Since I couldn’t do anything else, I decided to just pray. I know, it seems crazy to pray for a cat, what with a world full of humans who desparately need prayer. But on the other hand, God created cats too and the Bible says He even cares for the sparrows. Maybe somebody’s guardian angel could take a few minutes off during a slow time to give guidance to a poor traumatized kitten in a tree?

Well, the next day (day 4) the cat was gone. No more pitiful meowing and no cat in the tree. Later that afternoon I thought I heard it again and sure enough, there it was eating some leftover rice in front of another neighbor’s apartment- on the ground.

So did God send an angel? Maybe. Maybe He sent mine, because that evening, sometime after I prayed, I got distracted while carrying a bowl of boiling hot soup and spilled it all over my hand. It certainly provided a painful distraction to worrying about the cat! Ha, ha!

Wednesday, June 09, 2010

Coping with brownouts

The past several months have been much drier than usual due to an El Nino. This island normally gets most of its power from hydroelectric sources but this year the water levels were extremely low resulting in power shortages. In this city they have managed to organize the brownouts such that you can sort of plan your day. The city is divided into three groups which have a rotating schedule of brownouts, not to the exact time but the general part of the day. In my part of town on Mondays and Tuesdays we are scheduled for afternoon brownout of 2-3 hours duration. Wednesdays and Thursdays we have them in the early evening. Fridays, Saturdays and Sundays we have them in the morning.

It does interfere with work since it’s too dark inside our house to read or see the computer keyboard, and my second monitor doesn’t work. If we have a brownout in the morning I often use that time to go shopping or do errands because the malls all have their own generators. Or I might go to our office which is on a different rotation schedule. There I can check the mail or photocopy or use the library. When we have an afternoon brownout that is when it is the most difficult because it is not only dark but also very hot. Sometimes if I’m sleepy I take a nap on the cool tile floor. Or else I just sit and sweat and listen to a pre-downloaded mp3 radio broadcast or sermon while playing a mindless computer game until the power comes on. When the power goes off in the evening, I light 3-4 candles, power up the mp3 player and hike laps around the kitchen and living room for an hour.

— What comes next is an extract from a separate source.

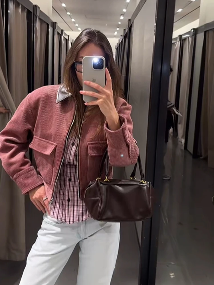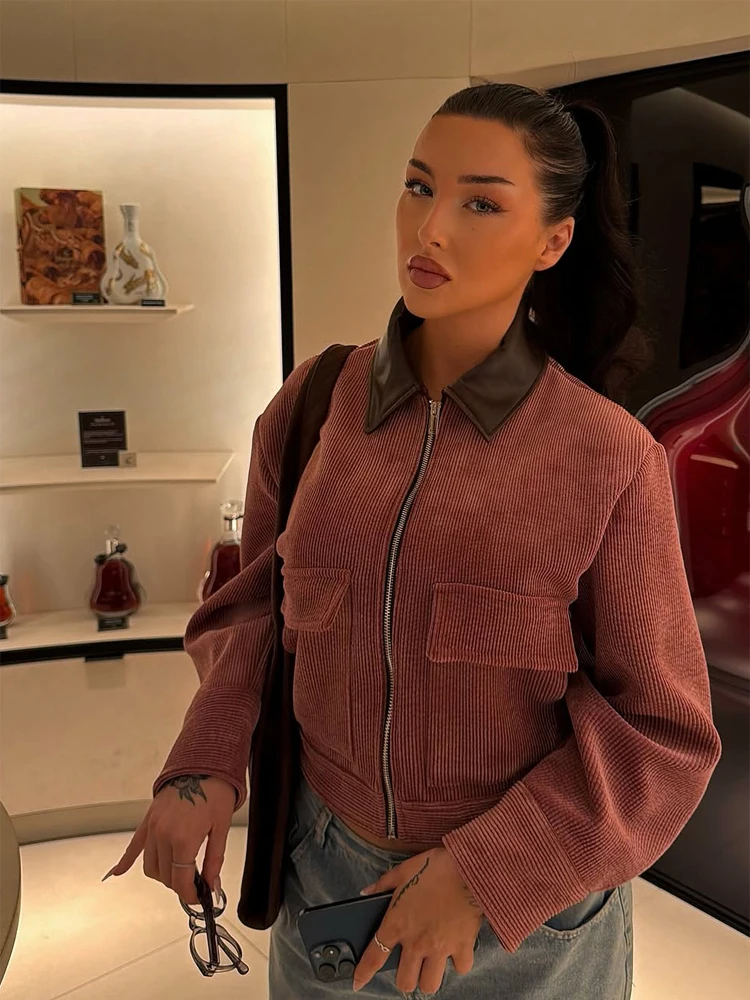 Manteau en coton à col montant pour femme, Chic, manches longues, fermeture éclair, poche, ample, court, hiver, pour les déplacements quotidiens, manteaux de rue

It has been raining again recently so we hope that eventually the reservoirs will fill up and the power will become more regular.
BREAKING: They just announced a change in the schedule. To be more "equitable" the schedule will change every week. Sigh! Just get a system figured out and they go and change it again.

The most expensive rice I ever ate

Reading glasses are a bit of a pain and since I wear them all day long for computer work, who wants to drag them out at the store? Well, last Sunday I stopped by the grocery store at the mall. I saw some really nice looking unpolished brown rice that I had not seen there before. It was less than half a kilo so I threw it in the cart to try. I didn’t check the price. After all regular rice is about 80 cents a kilo and although brown rice would be more, I figured at most it would be $1 a kilo. It was in a simple plastic bag that the store uses for breaking down wholesale sacks of rice and repackaging into smaller retail amounts of 1, 5, or 10 kilos. The price is on little stickers but it’s hard to read without digging out reading glasses. I had several items at the checkout and tho the total seemed high, well, everything is higher now.

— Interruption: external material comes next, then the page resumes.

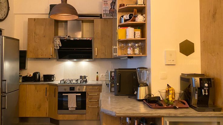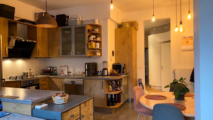 - Une grande cuisine ultra équipée ouverte sur un espace salle à manger.

But the next day at home, we noticed the price – amounting to $10 per kilo! Good thing it was less than half a kilo. Was it mismarked????? It’s hard to believe that that could really be the price! We are cooking it now and it does smell wonderful. But it will be the most expensive rice we have ever eaten.
If I ever see it again I will definitely want to recheck the price. I will also plan to dig out the reading glasses when in doubt. (And I will probably be in doubt more often now!)

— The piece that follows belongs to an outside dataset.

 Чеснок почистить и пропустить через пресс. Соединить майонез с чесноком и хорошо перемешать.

PS Turns out the rice was some special kind imported from Hawaii!! I saw it again the following week and this time looked at the labels. It WAS very nice rice , but I don't think I'll get it again!

Friday, May 28, 2010

The elephants are still fighting

Now we are in the post-election phase. Losing candidates are busy complaining about the automation machines, challenging results, demanding recounts , accusing the winners of corrupt tactics, and filing lawsuits. The top two vice-presidential candidates have been neck and neck with only a few thousand vote difference so that has been mildly interesting. Both have been very civil about the whole thing. They haven't yet declared a winner but are promising to do so soon.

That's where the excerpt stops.